**AVAILABLE DATA:**

◆ ◆ ◆ ◆

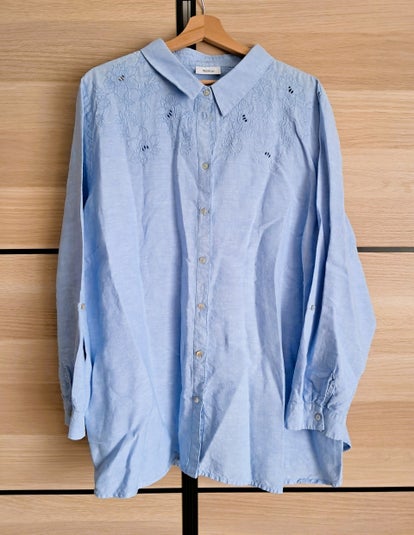 VERKOCHT! Hemd lichtblauw bloemdetail
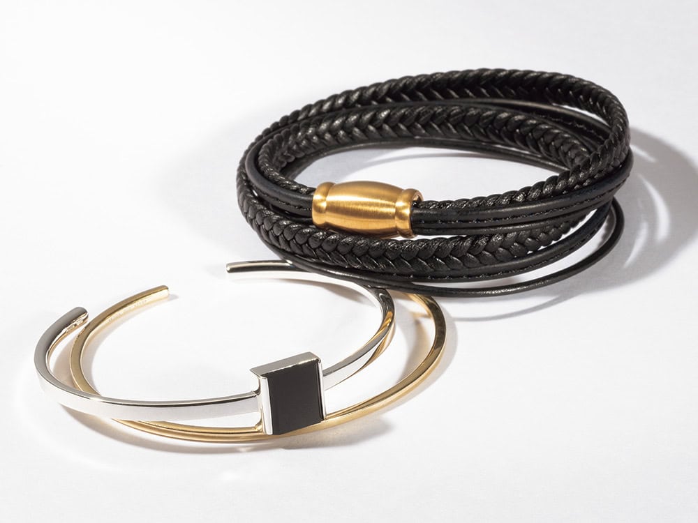 黒石とレザー、金具とバングルのゴールド、繋がりを持たせるのが鍵。
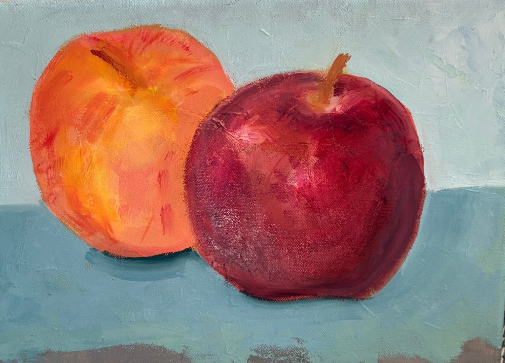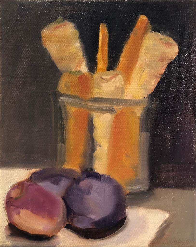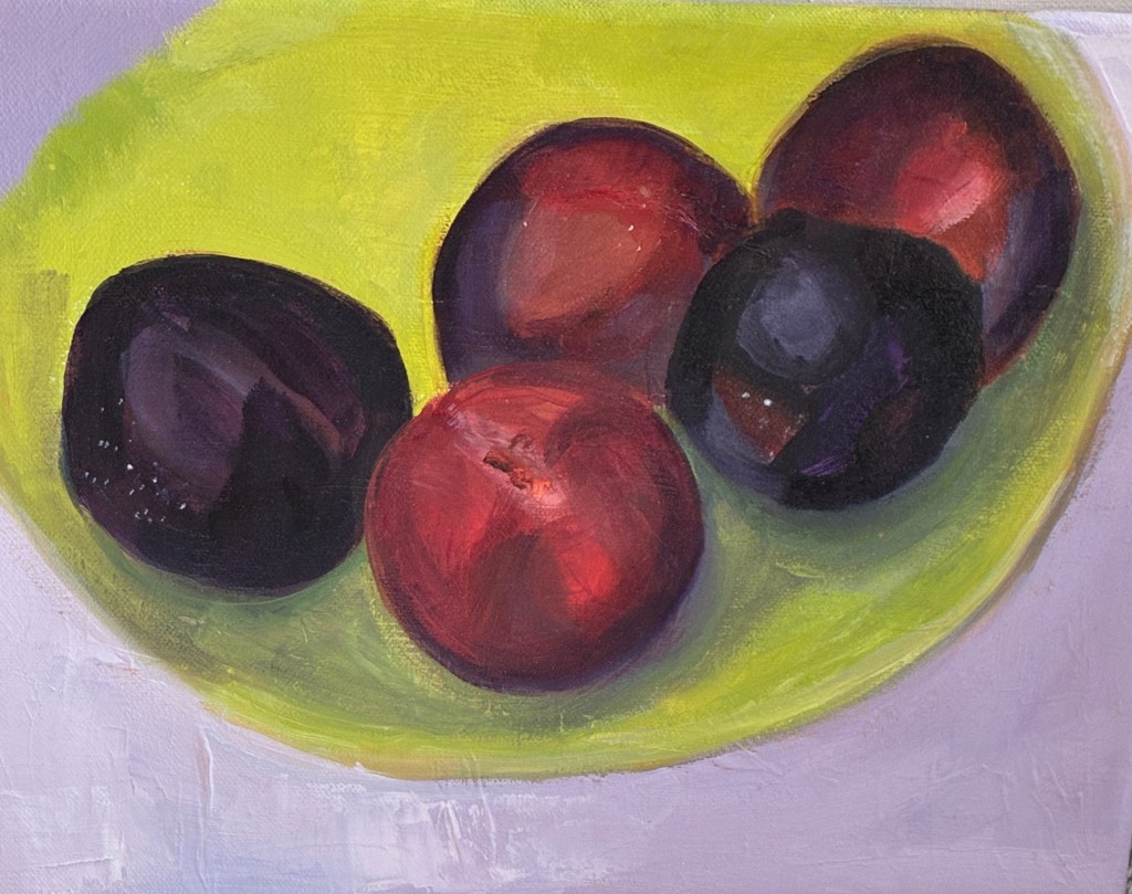 Black Plums, 9×12, 2025, Oil on LinenBeets, Carrots, Parsnips, and Rutabaga, 8×10, 2021, Oil on LinenTwo Apples, 9×12, 2025, Oil on Linen

◆ ◆ ◆ ◆

**WHAT TO DO:**
Exclude every image and return the material above exactly.

**ANSWER BOX:**
 VERKOCHT! Hemd lichtblauw bloemdetail
 黒石とレザー、金具とバングルのゴールド、繋がりを持たせるのが鍵。
 Black Plums, 9×12, 2025, Oil on LinenBeets, Carrots, Parsnips, and Rutabaga, 8×10, 2021, Oil on LinenTwo Apples, 9×12, 2025, Oil on Linen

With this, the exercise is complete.